The Kallada Jalotsavam (കല്ലട ജലോത്സവം)is a popular Vallam Kali (boat race) held on the Kallada River at Munroe Thuruthu on 28 days after Onam (28 aam Onam) in Indian state of Kerala.
The boat race is conducted along the straight portion (nettayam) of Kallada River. Famous achievers in various fields are honoured during the event.
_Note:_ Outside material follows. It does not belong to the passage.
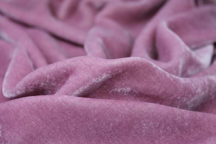 A luxurious, soft, drapey silk velvet composed of a light blush pink chiffon base and a wisteria pink viscose pile, giving a pretty dusty pink colour. This velvet can also be used for devoré and is dyeable. 82% viscose 18% silk, approx 180g per linear metre.

The boat race can be conveniently viewed from Munroe Island (Munroethuruthu in vernacular). Munroe Island holds an important place in the tourist map of Kerala. The country boat sightseeing across Munroe Island conducted by the Kollam district tourist promotion council is the best of its kind in the country. Munroe Island can be reached from Kollam railway station by road (28 km). 12 km from Kundara & 24 km from Karunagapally at North. Kollam is 71 km away by road from the Trivandrum airport.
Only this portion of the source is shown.